Reputation: 2533
I have the following (toy) data set:
import pandas as pd
import numpy as np
df = pd.DataFrame({'Manufacturer':['Allen Edmonds', 'Louis Vuitton 23', 'Louis Vuitton 8', 'Gulfstream', 'Bombardier', '23 - Louis Vuitton', 'Louis Vuitton 20'],
'System':['None', 'None', '14 Platinum', 'Gold', 'None', 'Platinum 905', 'None']
})
Next, I create a column named Manufacturer
based on the two existing columns:
df.loc[(df['Manufacturer'].str.contains('Louis')) &
(df['System'].str.contains('Platinum')),
'Pricing'] = 'East Coast'
On the toy data set, this approach works as expected. However, on the production data (which, unfortunately, I cannot share), I see the following error message:
KeyError: "None of [Float64Index([nan, nan, nan, nan, nan, nan...], \n dtype='float64', length=583)] are in the [index]"

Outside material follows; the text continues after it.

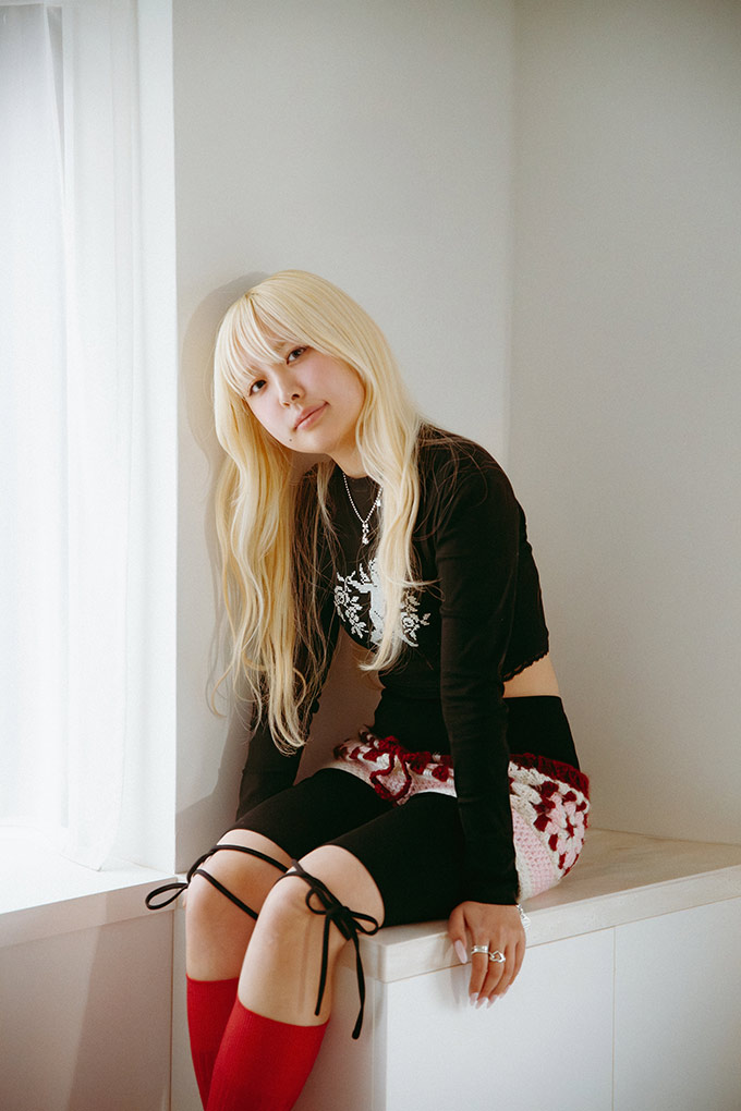 その日のコーディネートをよくSNSに投稿しているんですけど、いざ撮影するときに「ちょっと色合わせが違うかも…」と思うことがよくあって。そんなときのために、自分で編んだシュシュを入れてよく持ち歩いています。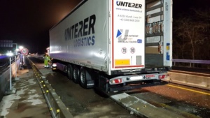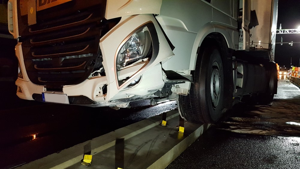 Kassel – Am Montagabend befuhr ein 52-jähriger Mann aus Bulgarien mit seinem Sattelzug die A44 aus Richtung Dortmund kommend in Fahrtrichtung Kassel. Zwischen der Anschlussstelle Wilhelmshöhe und dem Autobahnkreuz Kassel-West übersah der 52-Jährige mehrfach das Verbotszeichen für Fahrzeuge über 3,5t, welches für die Strecke zwischen dem Autobahnkreuz Kassel-West und dem Autobahndreieck Kassel-Süd gilt. Gegen 21:10 Uhr bemerkte er die in diesem Streckenabschnitt vor der Bergshäuser Brücke aufgestellten Betongleitwände zu spät und fuhr auf diese auf.

At first, I thought that the error might be caused by whitespace in the column headers. But, it doesn't look like this is the case.
The column headers are assigned as follows:
for elem in elements:
d = {
'Manufacturer' : issue.fields.manufacturer,
'System' : issue.fields.system
}
(the data comes from a database)
Any idea what might be causing this Key Error?
Maybe I need to use an adaptation of:
df['Pricing'] = np.where(df['Manufacturer'].str.contains('Louis'), 'East Coast', 'None')
But, I'm not sure how to use np.where
with two conditions... (see How to create a column in a Pandas dataframe based on a conditional substring search of one or more OTHER columns for my original question).
Thanks in advance!
Upvotes: 1
Views: 195
Reputation: 1094
it's hard to understand error without the data.
you can try np.where on 2 conditions this way:
df['Pricing']=np.where((df['Manufacturer'].str.contains('Louis') & df['System'].str.contains('Platinum')), 'East Coast', None)
Upvotes: 1